An insulating ceramic ring which allows a difference in electrical potential to be maintained between the source housing and the ion drawout or extraction plate. A focus electrode can also be provided to produce appropriate electrical fields for focusing the resulting ion flux into a nearly parallel beam.
The inventive source has been tested with ketones, aromatic hydrocarbons, alkylphosphonates and olefins. In all cases the only ion formed is the complex between the neutral molecule and the potassium ion.
It has been well known for many years that certain substances are spontaneously converted into ions upon hitting a hot filament in a vacuum. For example, if a beam of neutral potassium atoms strikes a hot filament of tungsten, iridium, or other metal with high work function, a significant portion of the incident atoms are converted to positive ions.

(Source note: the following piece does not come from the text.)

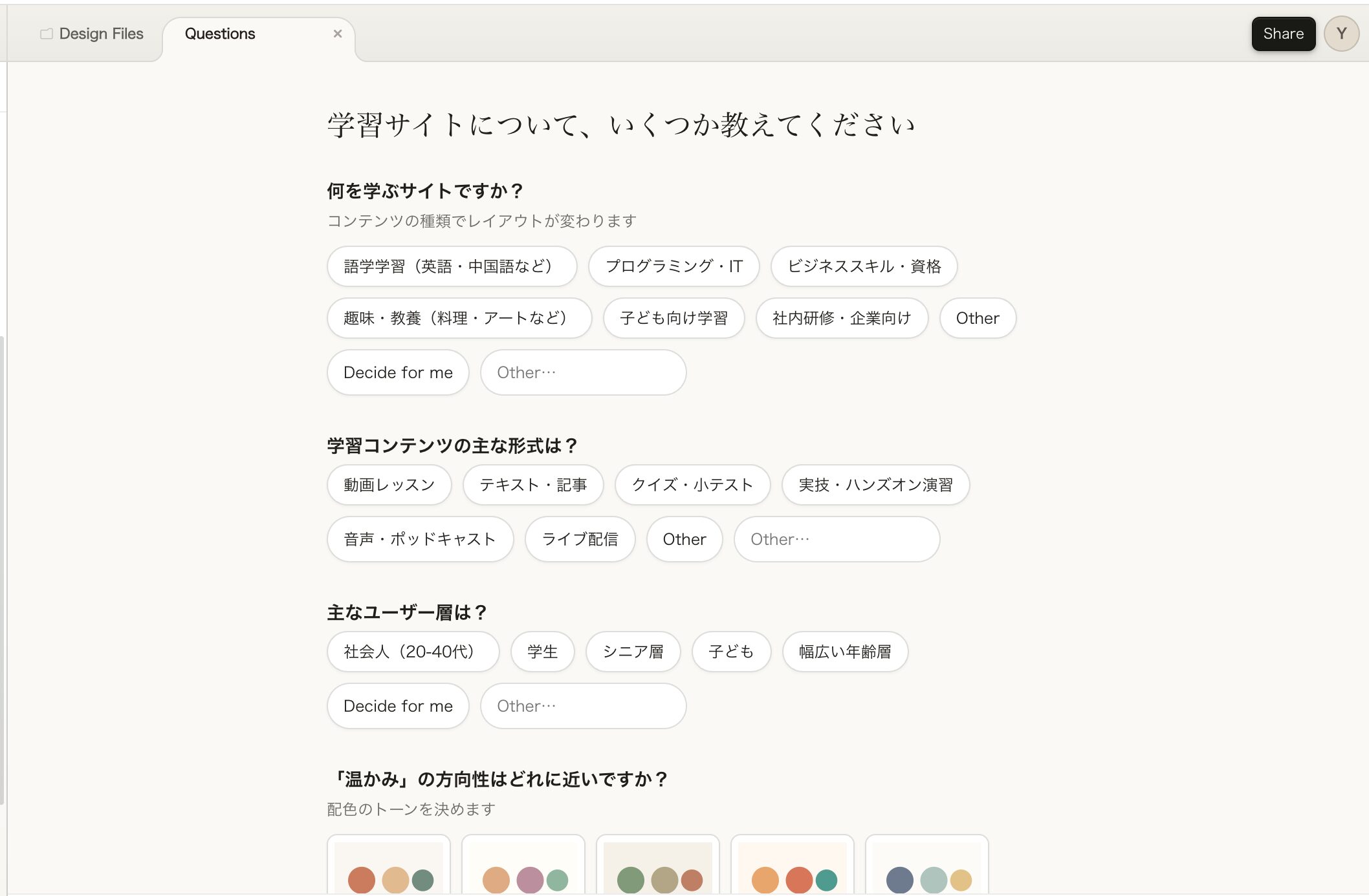 - ヒアリングから始まるデザイン: AIが「ブランドカラー」「ユーザー層」など、ユーザーの期待に沿ったDesign Systemを構築するための質問事項が多く用意されています。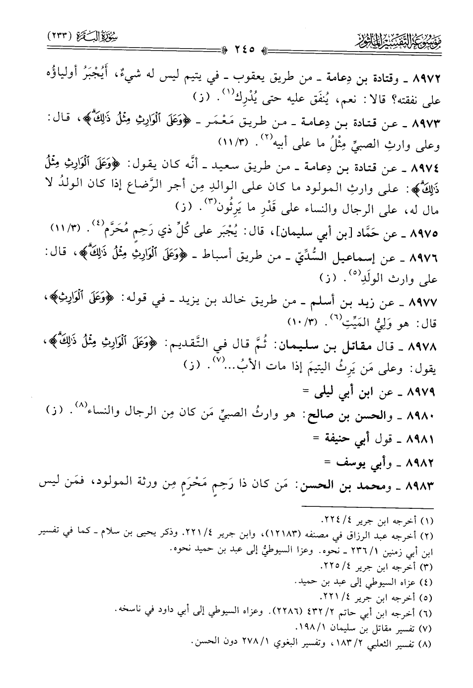 ٨٩٧٣ - عن قتادة بن دِعامة -من طريق مَعْمَر- {وعلى الوارث مثل ذلك}، قال: وعلى وارثِ الصبيِّ مِثْلُ ما على أبيه (¬٢). (٣/ ١١)

This phenomenon has been termed surface ionization.
In contrast to earlier surface ionization devices, however, the present inventions converts incident neutral molecules into ions through a complexation with ions previously existing on the surface of the ionization element. The ionic species formed is not simply the incident particle with one electron removed. It is therefore a qualitatively different process from the earlier surface ionization method, and has a much broader range of applicability, since it is expected to be capable of producing molecular complex type ions from almost all chemical compounds.
The examples produced to date of the surface ionization element consists of various glasses which are heated by means of passing an electrical current through their supporting filament structure. These are only specific examples of possible surface ionization elements. Any material which can have ionic species present on its surface can be used in principle as a surface ionization element in this invention. The material is not limited to glasses but could be materials such as polycrystalline ceramics, metal alloys, or even appropriate high temperature stable polymers. Any appropriate means may be used to control the temperature of the surface ionization element. The temperature at which the maximum yield of ions is obtained from a particular molecule can be expected to vary with the composition of the surface ionization element.

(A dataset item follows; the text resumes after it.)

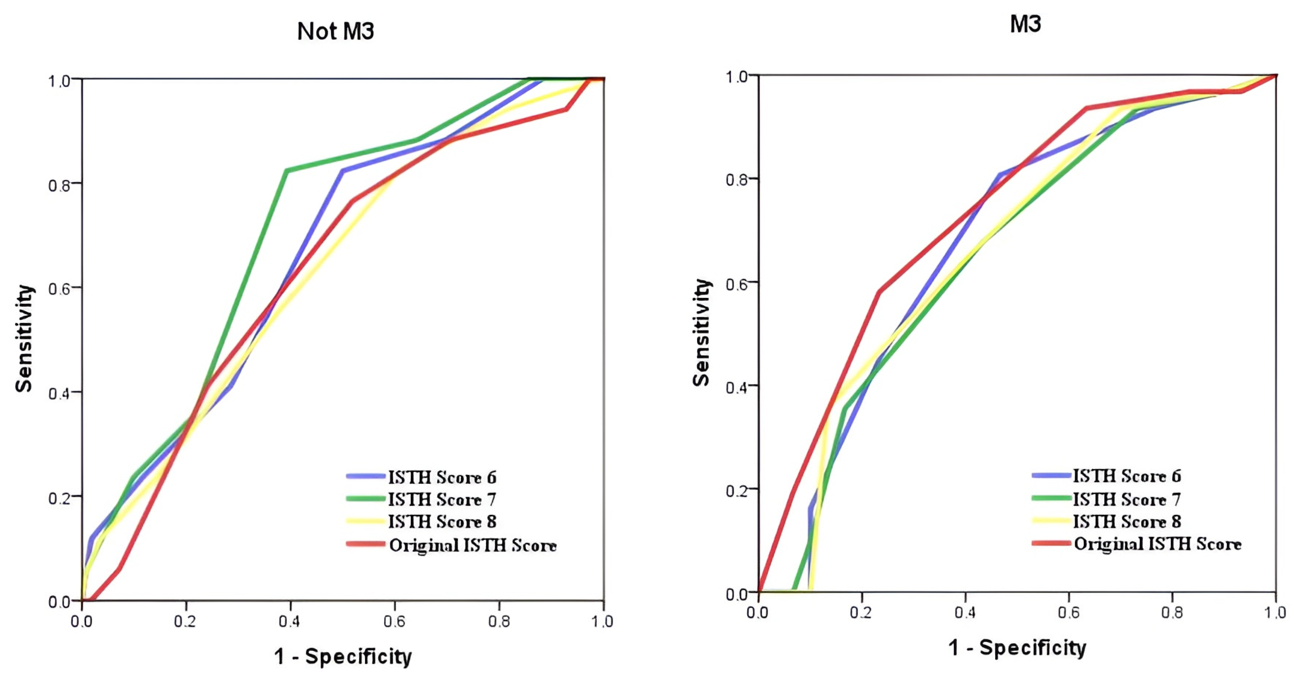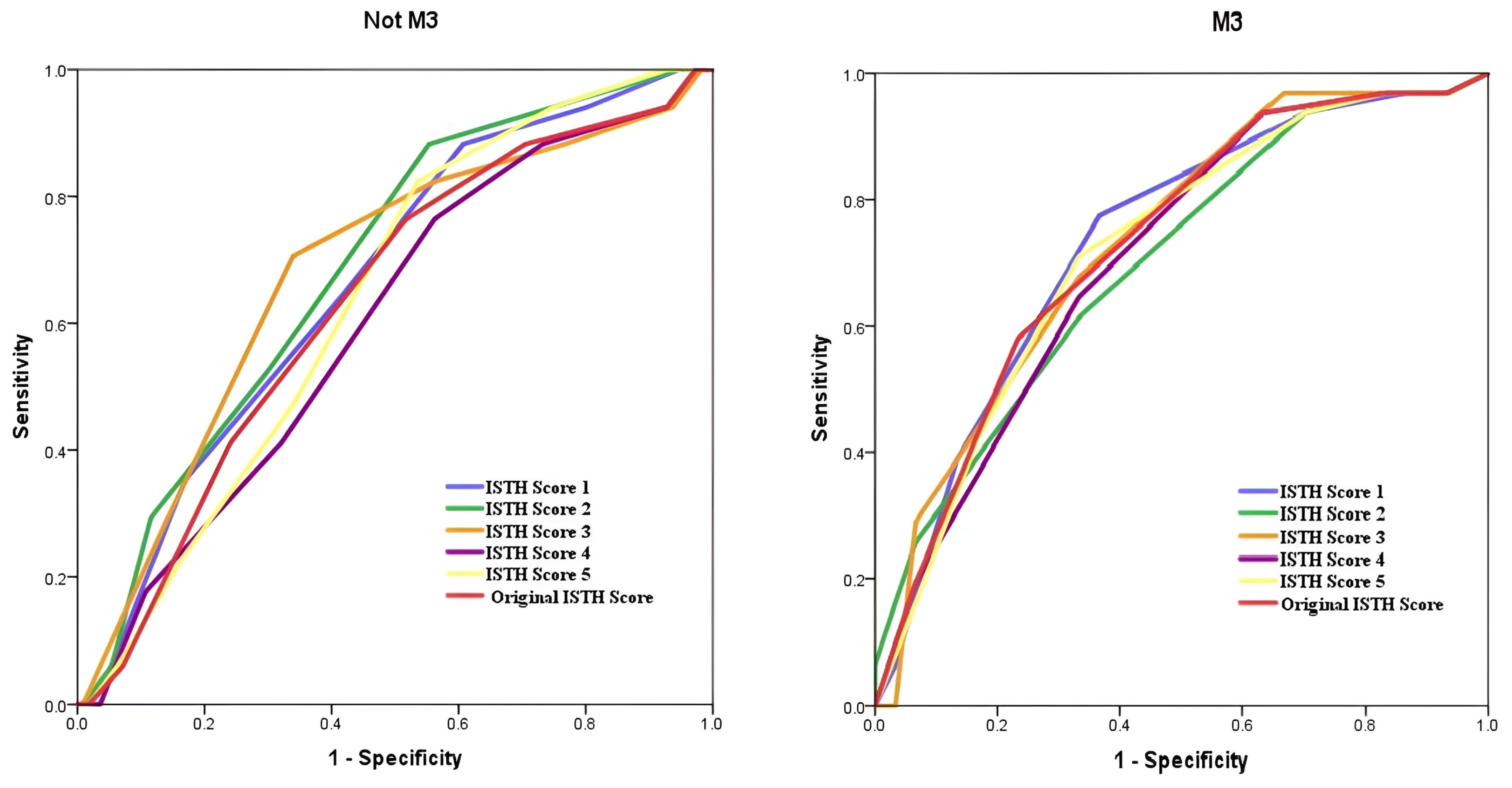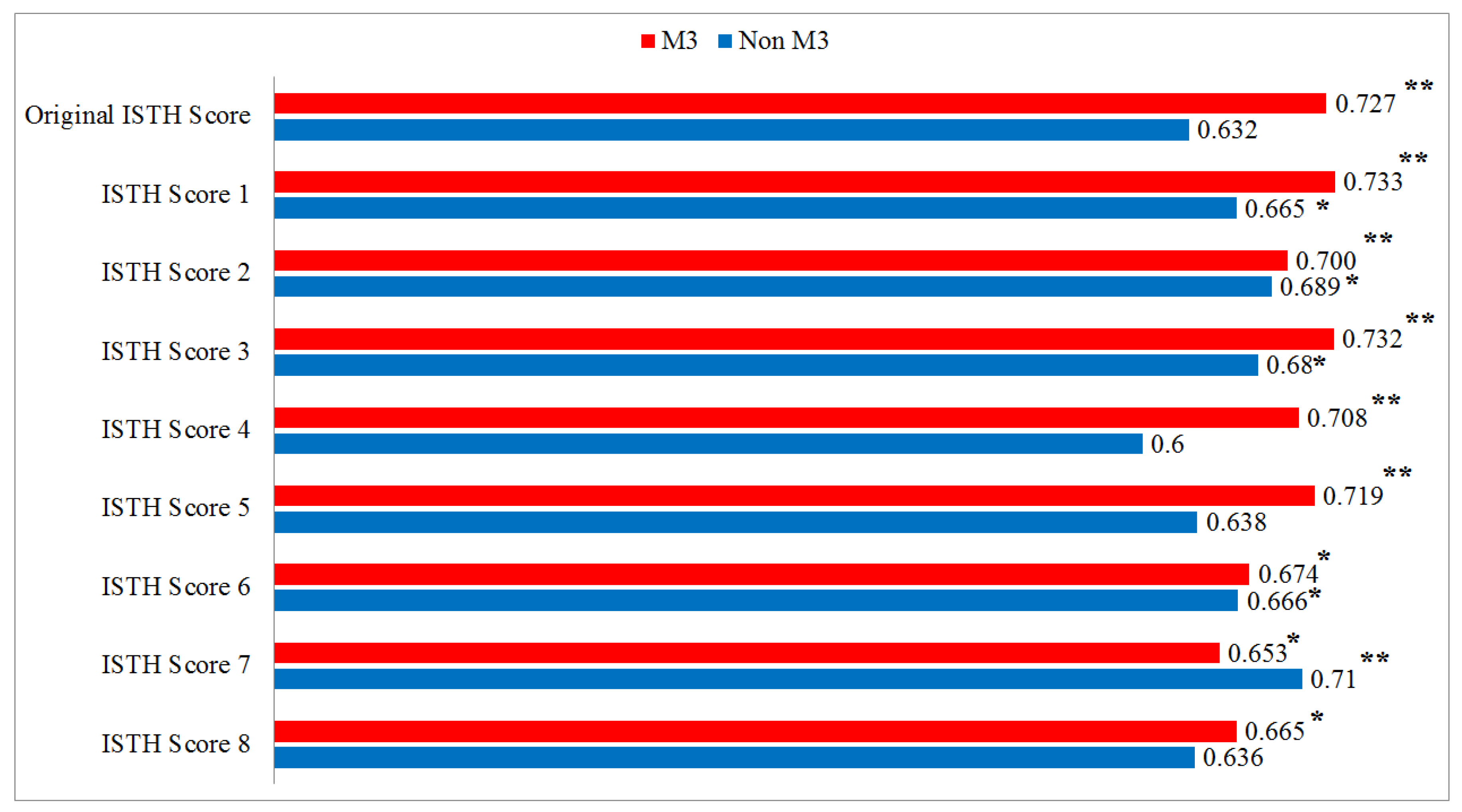 | ISTH Score 3 | Non-M3 | Positive | 12 | 38 | 50 | 70.6 | 66.1 |

It is not intended to limit this invention to the production of ions for mass spectrometry. In this specific application the ions are separated according to their mass in a mass spectrometer which is used as a means of characterizing the sample molecules. Other methods for detecting the ions formed by this invention need not employ any form of mass analysis. The ion current might be detected with a simple electrometer circuit, or specific ions might be detected by other means, such as laser induced fluorescence.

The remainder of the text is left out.